Ballard is one of the founders of Zero Carbon Food. He’s an entrepreneur who has tried everything from trying to import Asian furniture to studying film studies. During his work as a documentary filmmaker he came across the idea of using the underground for agriculture. “The environment can be better controlled than that above ground,” he says. And thanks to LED lights it’s even possible to adjust the taste of the plants grown.

He also says that the project, which began around two years ago, is not expensive. “Greenhouses are expensive because they have to generate heat, which we don’t need,” explains Ballard, since it’s already warm on its own in the former bunker. Thanks to a special irrigation system, it also uses 70 per cent less water than conventional agriculture. And it’s less expensive than growing plants above ground where such a plot in London would cost a small fortune on monthly rent.

Mayor loves underground ideas

The trend in London is to grow downwards as exorbitant property prices are driving many to despair – but also to creativity. Another example: former banker Ajit Chambers founded The Old London Underground Company to breathe new life into metro stations abandoned years ago. He wants to transform them into museums, open restaurants, maybe even jazz clubs. London’s mayor Boris Johnson is excited; so, too, is the London transport authorities Transport for London (TfL).

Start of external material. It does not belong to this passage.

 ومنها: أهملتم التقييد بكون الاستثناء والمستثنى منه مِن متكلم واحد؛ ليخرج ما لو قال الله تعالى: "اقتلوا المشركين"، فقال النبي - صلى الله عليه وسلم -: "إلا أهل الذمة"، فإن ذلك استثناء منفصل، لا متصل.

In May TfL invited several companies to present their ideas for the redesign of the illustrious Down Street tube station. Used as a temporary home for Winston Churchill’s War Cabinet during World War II, the 400-square-metre station could one day be home to a theatre or shops. TfL plans to invest capital in the amount of GBP 3.4 billion into the metro system.

A theatre already exists under the tracks of busy Waterloo station. The theatre group Les Enfants Terrible is performing Alice in Wonderland, at parts with the audience’s participation. And the Underground Film Club shows film classics in an unused part of Charing Cross station.

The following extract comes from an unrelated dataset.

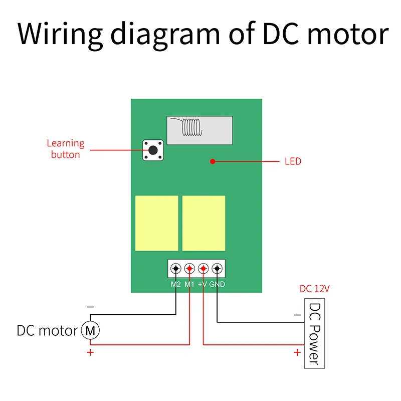 Рабочее напряжение: 12 В постоянного тока Ток покоя: <5 мА Максимальный ток: 10A Частота RF: 433 МГц Штырь: M1 \ M2 Рабочая температура: -30 ~ + 80 Чувствительность приема: >97dbm Количество пульта дистанционного управления: 25 шт. Поддержка кодирования: 1527 обучающий код/2262 фиксированный код Режим работы RF: ASK superгетеродинный беспроводной прием Диапазон приема: открытое пространство более 500 метров Удаленный режим работы: Мгновенный режим/режим переключения/режим блокировкиОбласть применения продукта Продукты могут быть использованы в домах, фермах, фабриках, офисах, лабораториях, супермаркетах и так далее. Гаражные ворота с дистанционным управлением \ электрические двери \ домашние двери \ двери затвора \ раздвижные двери \ ворота \ дорожные ворота Электрический занавес с дистанционным управлением \ водяной насос \ вентилятор \ лампа \ светодиодный светильник \ лампа \ вентиляционное устройство \ передача сигнала Мотор с дистанционным управлением положительное и отрицательное вращение переключатель двигателя сделай сам Если у вас есть какие-либо вопросы, пожалуйста, свяжитесь с нами. Посылка включает в себя Релейная плата ресивера (с корпусом) Пульт дистанционного управления (с батареей) Руководство по эксплуатации
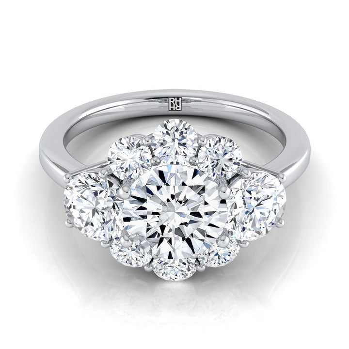 แหวนหมั้นเพชรสามเม็ดสไตล์โมเดิร์นทรงกลมเจียระไนแบบ Brilliant ประดับเพชรดอกไม้ทองคำขาว 18K -1-3/4ctw

Vegetables instead of nightclubs

Ever the trendsetter, the London experience is inspiring entrepreneurs to set their sites on similar projects in other cities around the world. For instance, London-based Chinese expat Xiuli Hawken earns her money by turning disused bomb shelters in China into shopping centres. But whether nightclubs and discos are actually suitable for London’s underground is questionable. “The safety regulations are extremely strict,” says Ballard. “There aren’t enough exits for a nightclub.

That’s not the case for his underground garden, and his vegetables and herbs will soon be available for purchase or eaten in a restaurant in the fashionable West End thanks to a partnership with the star chef Michel Roux. The avant-garde gardener sees his products as a gourmet kitchen item.